Подросток Ашим - [36]
Мама без конца твердит, что Сашка «израстётся», и выговаривает это слово, как будто, виновато. Ещё бы. Родила такую. Мишка уже понял — взрослые заранее знали, что Сашка может родиться ненормальной. Мишка вдруг очень ясно вспомнил, как тётя Маша называла маму упёртой, а мама только плакала в ответ. Тётя Маша не хотела, чтобы в доме появилась расторможенная, беспокойная Сашка, которая просто не понимает, если чего-нибудь нельзя, и поэтому с ней невозможно ни о чём договориться.
Но они-то все в доме привыкли к Сашке. И готовы ждать, когда Сашка наконец-то израстётся. А другие люди? Вот ведь Кирка… Мишке показалось, что уже всё наладилось, они уже смеялись вместе над тем, как папа искупал его в пижаме, и заодно над тем, как Сашка облила Киру борщом. Он уже верил: всё снова хорошо, как было!
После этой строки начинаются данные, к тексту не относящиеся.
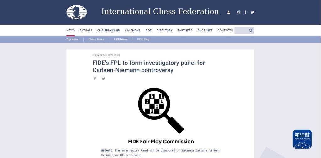 這是國際棋聯(lián)2022年9月30日在官網(wǎng)公布的關(guān)于作弊風(fēng)波,決定成立調(diào)查小組的新聞頁面。新華社發(fā)

Но появился Киркин отец — и вместе они держались так, точно здесь никто не стоит того, чтоб с ним говорить, и даже — чтобы смотреть на него больше одной секунды. Мишка не мог понять: отцу-то Кирка когда успела сообщить про борщ? Она ему, кажется, вовсе не звонила — только Светлане… Может, та ему всё передала?
Хорошо бы рассказать обо всём, что сегодня было, Майракпак. Она бы, может быть, и посоветовала бы ему, что делать. Ну почему Майракпак перестала приходить на форум? Её нет, когда она больше всего нужна!
Мишка вздохнул. Ему-то как раз пора было на форум. Кому какое дело, что он сейчас болеет? И что ему ни с кем неохота разговаривать… Пора было сгонять Таньку и садиться за компьютер.
Следующей ночью опять не удалось выспаться. Сашка, поскуливала во сне, скрипела, точно подталкивая невидимую тележку, готовясь к раскатистому, раздольному ору на весь подъезд. Её пытались сдержать то мама, то Танька. Сашка замолкала, но Мишке и в тишине казалось, что с сестрой что-то не так. Беспокойство оставалось в комнате, и оно мешало уснуть покрепче. Он только дремать мог. Должно быть, Сашке так и не дали попить. Или дали, но почему-то она глотать не может. Наконец, он понял, что это он сам не может глотать — горло совсем разболелось. Во рту скапливалась слюна. Обычно мы не замечаем, когда глотаем, а теперь даже такие простые движения вызывали боль, и эта боль не давала спать.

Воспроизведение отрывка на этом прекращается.